One of the book's qualities is that all its contributions put emphasis, more or less explicitly, on how the contamination between dramatic poetry and forensic oratory is to be understood within the specificity of Athens as a socio-political context. At first sight, such conclusions are commonsensical, since both those genres developed within that same specific context. However, the multiplicity of examples offered by the volume introduces a diachronic dimension to the analysis, which allows us also to spot the development of the democratic discourse: from the first half of the fifth century, when judicial elements were brought to the tragic scene in order to set the newly re-organized democracy after the Persian Wars; down to the last decades of the fourth century, when conversely Lycurgus adopted tragic paradigms as a most effective experiment of 'politics of memory' in the lawcourts. This approach is visible not only in the last section (the one most evidently dealing within Athenian social and institutional structures), but throughout the book.

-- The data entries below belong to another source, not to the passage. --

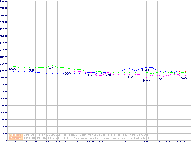 | [↑前グラフ]: | 2.5インチHDD主要製品の最安値推移 |
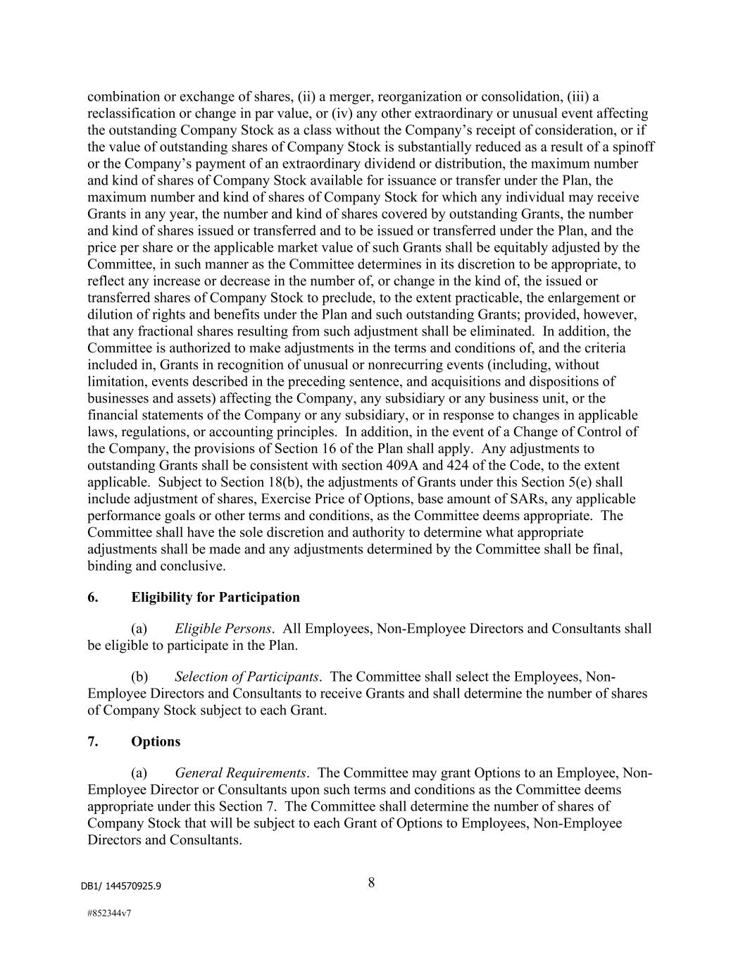 DB1/ 144570925.9 8 #852344v7 combination or exchange of shares, (ii) a merger, reorganization or consolidation, (iii) a reclassification or change in par value, or (iv) any other extraordinary or unusual event affecting the outstanding Company Stock as a class without the Company’s receipt of consideration, or if the value of outstanding shares of Company Stock is substantially reduced as a result of a spinoff or the Company’s payment of an extraordinary dividend or distribution, the maximum number and kind of shares of Company Stock available for issuance or transfer under the Plan, the maximum number and kind of shares of Company Stock for which any individual may receive Grants in any year, the number and kind of shares covered by outstanding Grants, the number and kind of shares issued or transferred and to be issued or transferred under the Plan, and the price per share or the applicable market value of such Grants shall be equitably adjusted by the Committee, in such manner as the Committee determines in its discretion to be appropriate, to reflect any increase or decrease in the number of, or change in the kind of, the issued or transferred shares of Company Stock to preclude, to the extent practicable, the enlargement or dilution of rights and benefits under the Plan and such outstanding Grants; provided, however, that any fractional shares resulting from such adjustment shall be eliminated. In addition, the Committee is authorized to make adjustments in the terms and conditions of, and the criteria included in, Grants in recognition of unusual or nonrecurring events (including, without limitation, events described in the preceding sentence, and acquisitions and dispositions of businesses and assets) affecting the Company, any subsidiary or any business unit, or the financial statements of the Company or any subsidiary, or in response to changes in applicable laws, regulations, or accounting principles. In addition, in the event of a Change of Control of the Company, the provisions of Section 16 of the Plan shall apply. Any adjustments to outstanding Grants shall be consistent with section 409A and 424 of the Code, to the extent applicable. Subject to Section 18(b), the adjustments of Grants under this Section 5(e) shall include adjustment of shares, Exercise Price of Options, base amount of SARs, any applicable performance goals or other terms and conditions, as the Committee deems appropriate. The Committee shall have the sole discretion and authority to determine what appropriate adjustments shall be made and any adjustments determined by the Committee shall be final, binding and conclusive. 6. Eligibility for Participation (a) Eligible Persons. All Employees, Non-Employee Directors and Consultants shall be eligible to participate in the Plan. (b) Selection of Participants. The Committee shall select the Employees, Non- Employee Directors and Consultants to receive Grants and shall determine the number of shares of Company Stock subject to each Grant. 7. Options (a) General Requirements. The Committee may grant Options to an Employee, Non- Employee Director or Consultants upon such terms and conditions as the Committee deems appropriate under this Section 7. The Committee shall determine the number of shares of Company Stock that will be subject to each Grant of Options to Employees, Non-Employee Directors and Consultants.
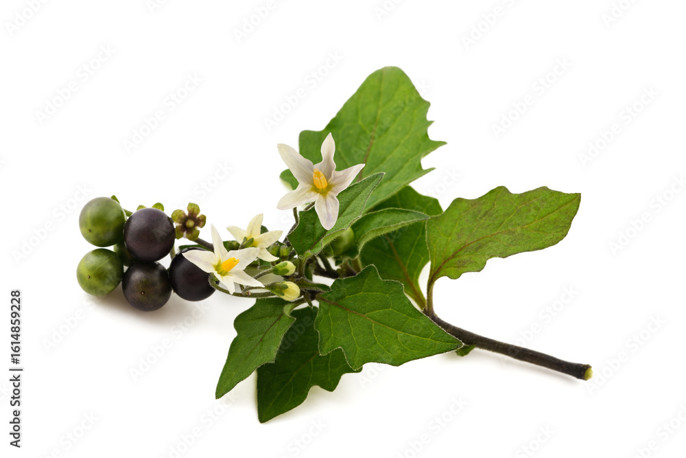 Black nightshade branch with flowers and berry
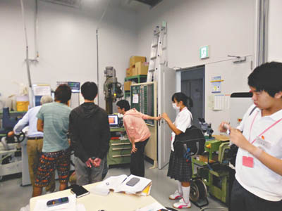 2人は、足立朝日編集室にほど近い東京電機大学千住キャンパスから取材を開始。まず、西に富士山、南に東京スカイツリーが見える眺望のいい11階の部屋で、総務部の村上隆之課長から大学の歴史、理念、教えている内容などの説明を受けた。その後、大学内を回り、実際に旋盤加工の授業風景を取材。
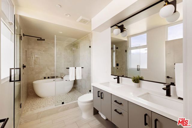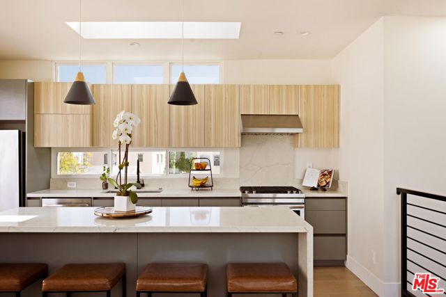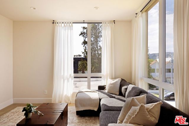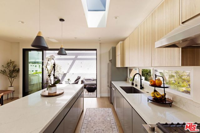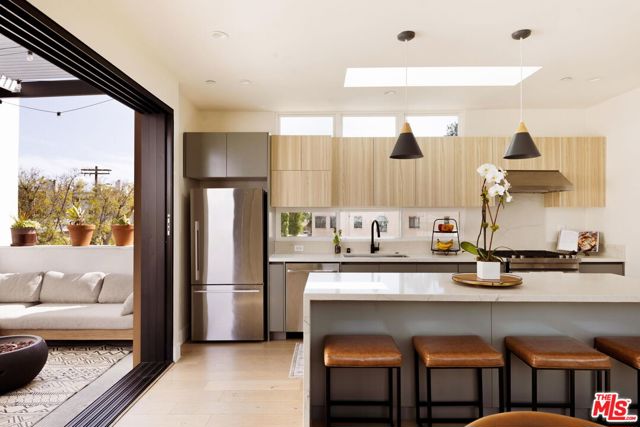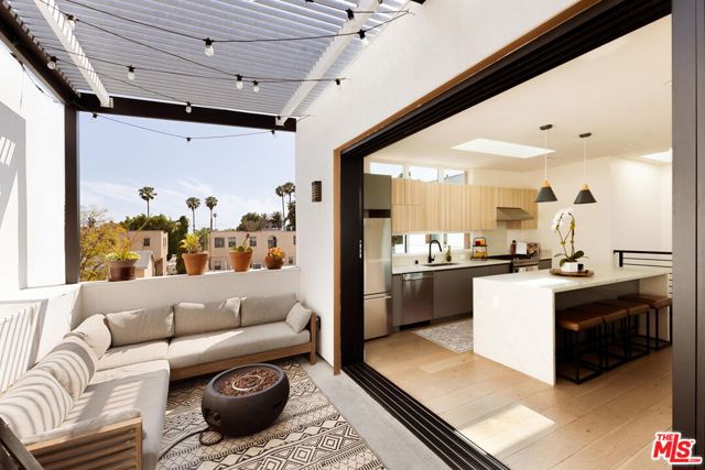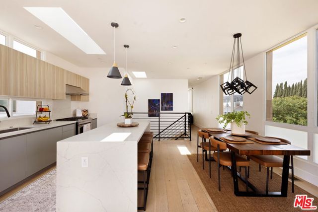 Stunning architectural home just north of Hancock Park, moments from the highly sought-after Hollywood Media District. Newly built in 2021, 836 1/2 McCadden Place is a gated 3-bedroom, 3.5-bath residence offering nearly 2,000 square feet of thoughtfully designed living space.The open-concept layout is finished with high-end designer details throughout, including French oak hardwood floors, Italian porcelain tile, and a chef's kitchen featuring custom cabinetry and a spacious eat-in island. Oversized windows and skylights flood the home with natural light, creating an ideal setting for both everyday living and effortless entertaining. All three bedrooms feature en suite bathrooms, with the primary suite offering a generous walk-in closet. The first level also includes a convenient laundry room. Designed with indoor-outdoor living in mind, the kitchen opens to a private patio through accordion-style bifold glass doors, where a newly added pergola creates the perfect space for hosting and al fresco dining. An additional patio off the living room and primary suite offers picturesque city and mountain views.Additional highlights include a direct-entry two-car garage and a prime, walkable location near SiriusXM offices, Sightglass Coffee, Petit Trois, Osteria Mozza, boutique shopping along La Brea, and Heimat Gym. A seamless blend of modern design, comfort, and elevated California living.
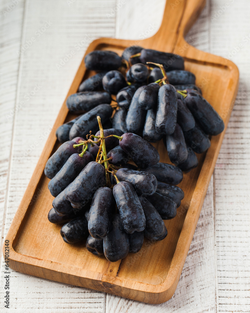 Dark ripe grapes on a board on a light wooden background. Fruit
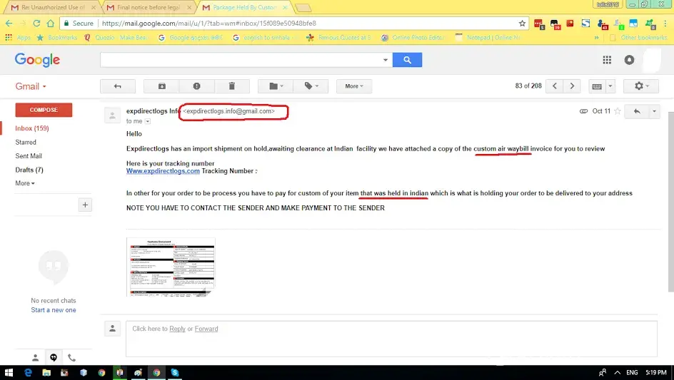 Since I didn't agree to pay, he said that he couldn't get the goods out of customs.it could even be a salesperson working in a logistics company tried to scam me or simply that the supplier was a scam altogether.So this has been a clear sign that something dodgy was going on.

Thus, despite some lack of consistency within the single sections and the absence of some key themes and texts (above all, the preserved speeches of Gorgias), the volume, in aggregate, appears to push an important thesis. The relation between rhetoric and poetry should not be assessed as a mere literary juxtaposition of genres. On the contrary, the rhetorical elements of poetry and the poetical elements in Attic Oratory represent a fertile case of cross-contamination, on aesthetic as well as on ideological grounds. At the end of the volume, the reader is persuaded of the value of rhetoric as an institutionalised, intrinsic factor in determining the features of Athenian democracy as a vehicle of shared values, in the theatre as well as in the lawcourts.

'Poet and Orator. A Symbiotic Relationship in Democratic Athens' is therefore a welcome step forward in the debate: it is a stimulating reading for students and scholars interested in the development and contamination of genres, as well as in the historical reconstruction of the discourses of fifth- and fourth- century Athenian democracy from a literary perspective.


[1] The contemporary debate was set by Edith Hall: Lawcourt Drama: the Power of Performance in Greek Forensic Oratory, in: BICS 40 (1995), 39-59.

[2] David Sansone: Greek Drama and the Invention of Rhetoric, Malden / Oxford 2012.

[3] On the textual vicissitudes of these quotes see Antonio Iacoviello: Poetic Quotation in Fourth Century BC Attic Oratory, in: Roberta Berardi / Nicoletta Bruno / Luisa Fizzarotti (eds.): On the Track of the Books. Scribes, Libraries and Textual Transmission (= Beiträge zur Altertumskunde; Bd. 375), Berlin / New York 2019, 73-90.

[4] On the quotes in these speeches see Mirko Canevaro: Memory, the Orators and the Public in Fourth Century BC Athens, in: Luca Castagnoli / Paola Ceccarelli (eds.): Greek Memories. Theories and Practices, Cambridge 2019, 136-57.

[5] This section applies the same approach of the edited volume by Edward M. Harris / Delfim F. Leão / Peter J. Rhodes (eds.): Law and Drama in Ancient Greece, London 2013.